Fig 2. Issue 1: Global similarity bounds systematically confound the entropy of coarse-scale signals with removed spectral power.

(A, B) Similarity bounds constrain sample entropy as shown schematically for entropy estimation using narrower (A) and wider (B) similarity bounds. For clarity, only a subset of pattern matches (green ticks) and mismatches (red cross) are indicated for a sequence length m = 1(cf. Fig 1B). Wider, more liberal similarity bounds indicate more pattern matches than narrow, conservative bounds, thereby decreasing entropy. S2 Fig shows the empirical link between liberal similarity bounds and sample entropy estimates. (C-E) Divergence between global similarity bounds and scale-wise signal SD biases coarse-scale entropy. (C) Coarse-graining (see Fig 1A) progressively reduces variance from the original broadband signal (as shown in panel E). (D) At original sampling rates (i.e., time scale 1; marked red in panels DE and F), neural signal variance is usually composed of broadband 1/f content and narrowband rhythmic peaks. Note that the x-axis plots decreasing frequencies to align with the traditional MSE low-pass filter direction.
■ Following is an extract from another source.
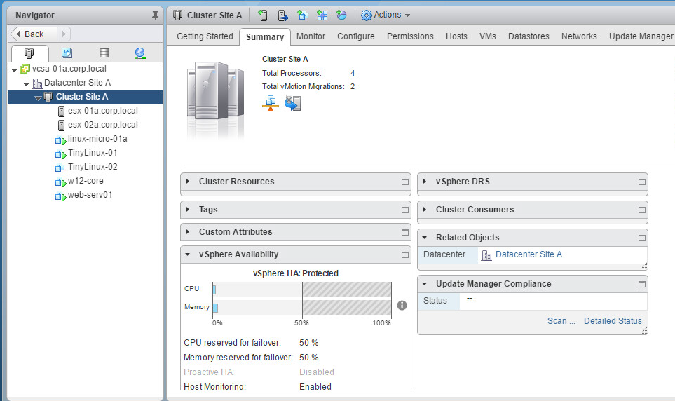 VMware vSphere HA is one of the core feature in a cluster. So let's bring some more precision about it. High Availability - HA enables a cluster of ESXi hosts to work together so that they can provide high levels of High Availability for virtual machines rather than just an ESXi host by itself. In brief, the High Availability feature is provided by pooling virtual machines and the ESXi hosts in the cluster for protection. Some examples could be host failures, host isolations and application crashes. The requirements for HA is a minimum of two hosts, vCenter Server and Shared Storage.
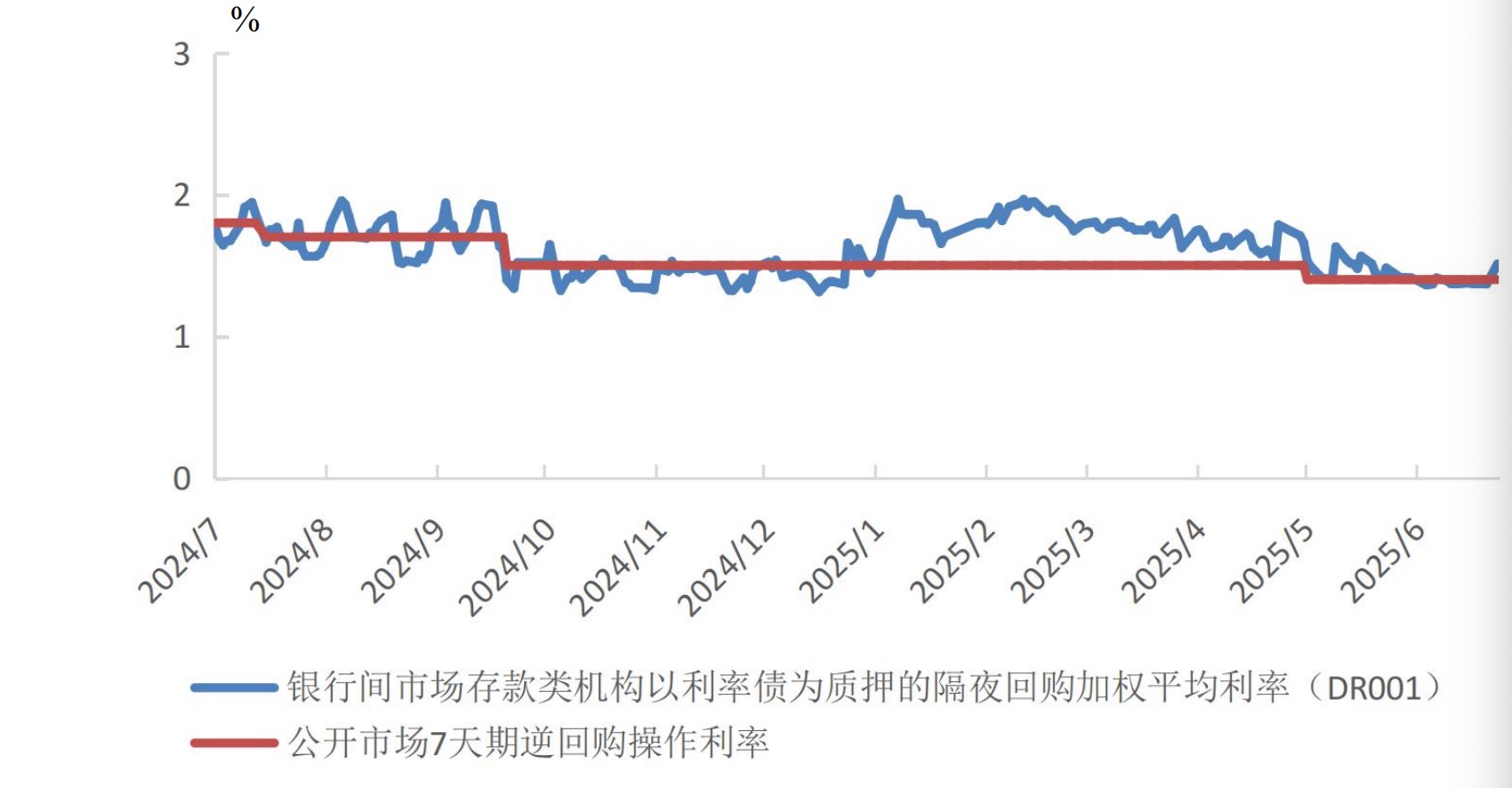 在《2025年第二季度中国货币政策执行报告》中,央行在展示货币市场利率走势时继续选用了DR001这一指标,而DR001围绕7天逆回购利率波动。

Towards coarser scales (e.g., scale 30; marked blue in CD and E), signal variance progressively decreases, as the signal becomes more specific to low frequencies. (E) Due to the systematic and cumulative reduction of variance in scale-wise signals, global similarity bounds become liberally biased (‘broad’). Critically, systematic differences in the magnitude of this bias (e.g., due to different spectral slopes) introduce systematic entropy differences at coarser scales.